I have my basics worked out for the most part. I will probably place an order of everything I want sometime this week. Im off of work all next week so I can spend a lot of time setting up the rocks and drifwood, and planting the plants. 

Im going to leave the carbon out and just filter with those pads. For the lighting, its going to be around 2wpg and no CO2 for now. Im going to use excel and see how that works out. Im sticking to fairly simple plants anyway.. Java fern/moss, anubis, and water sprite. 

Thanks for the help so far. Im sure I'll come up with plenty more questions. I'll be keeping a digital log of my tank so I'll be putting up some pics for sure.


----------



## K20A2 (Aug 12, 2006)

When changing water or adding water... 

Is it recommended to let it sit for a day or so and then put it in the tank? Or, would it be better to use warm water straight from the tap and immediately condition it?

I have some stress coat coming my way. Can that be used to eliminate all chlorine and chloramine instantly so you can use warm water for your water changes?


----------



## Wood (Jul 27, 2006)

If you have a heater I would NOT use warm water at all. Just use the regular tap, the heater will take care of it. Stress Coat is great stuff, removes chlorine and chloramine and helps the protective coat of the fish. 

When I do water changes I just pour in the water straight from the tap, and then condition it. The chlorine gets removed very fast, and I have NEVER had a problem this way. I have several rummy nose tetras and it does not affect them at all, and these fish are fragile.


----------



## Jimbo205 (Feb 2, 2006)

> I have a 10gallon tank running a simple hang on carbon filter and my plants are doing very well. The Rotala wallichii's are very red, the Red Lugwigia is very red and growing fast, and the glossostigma is carpeting the bottom. Carbon does not matter, use it, it is very beneficial.


Wood, could you post a digital photo of your tank. I would love to see it.


----------



## Jimbo205 (Feb 2, 2006)

> Strange you should say carbon sucks out all the nutrients. I thought this was right for a long time, but apparently it does not remove the nitrates we add/dry chemicals. Maybe someone else can explain again, I would like a refresher.

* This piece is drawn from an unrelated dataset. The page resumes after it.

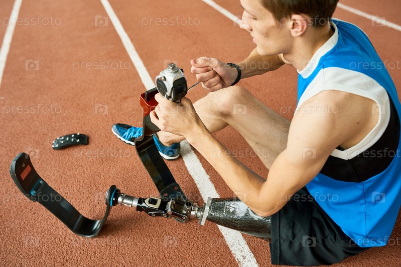 Инвалидный спортсмен, ремонтирующий протезированную ногу

 Interesting question. I was repeating information that I have been given and believed. Please let me know if this is correct or not. If not, then I replaced my carbon filter with Seachem Purigen for no reason. But I have found that the information that I have received in the past from Seachem has been reliable. It has been explained to me in the past about ions and cations. It has to do with the electrical charge that chemicals have and how carbon reacts or absorbs them.

Let me know what you find. It is always good to have a refresher. I agree.


----------



## Wood (Jul 27, 2006)

Jimbo205 said:


> Wood, could you post a digital photo of your tank. I would love to see it.


I don't have a digi. I really want an SLR especially because of the closeup pics you can take. If I am going to be taking pics of tanks there is no reason not to get one. I have seen some unbelievable pics taken with an SLR of freshwater shrimp, unreal quality. The only problem: $$$. Those things are really expensive.

The biggest problem I have with the 10 gallon is that it is so small any fluctuations are severely maximized given the small tank size. With the DIY CO2 that I use it is difficult to sustain a consistent amount diffused. I use the bell method which helps a bit, but the Flourish Excel is such a great resource. I have 2 empty 29gallon tanks that once I move in a couple of weeks I will set them up. I like color a lot in my tanks. I like Amano's tanks, but they are mostly green. I am more of a Dutch style fan.


----------



## K20A2 (Aug 12, 2006)

Everything came yesterday, delivered right to my door. Three boxes total, thanks to the bags of eco complete. 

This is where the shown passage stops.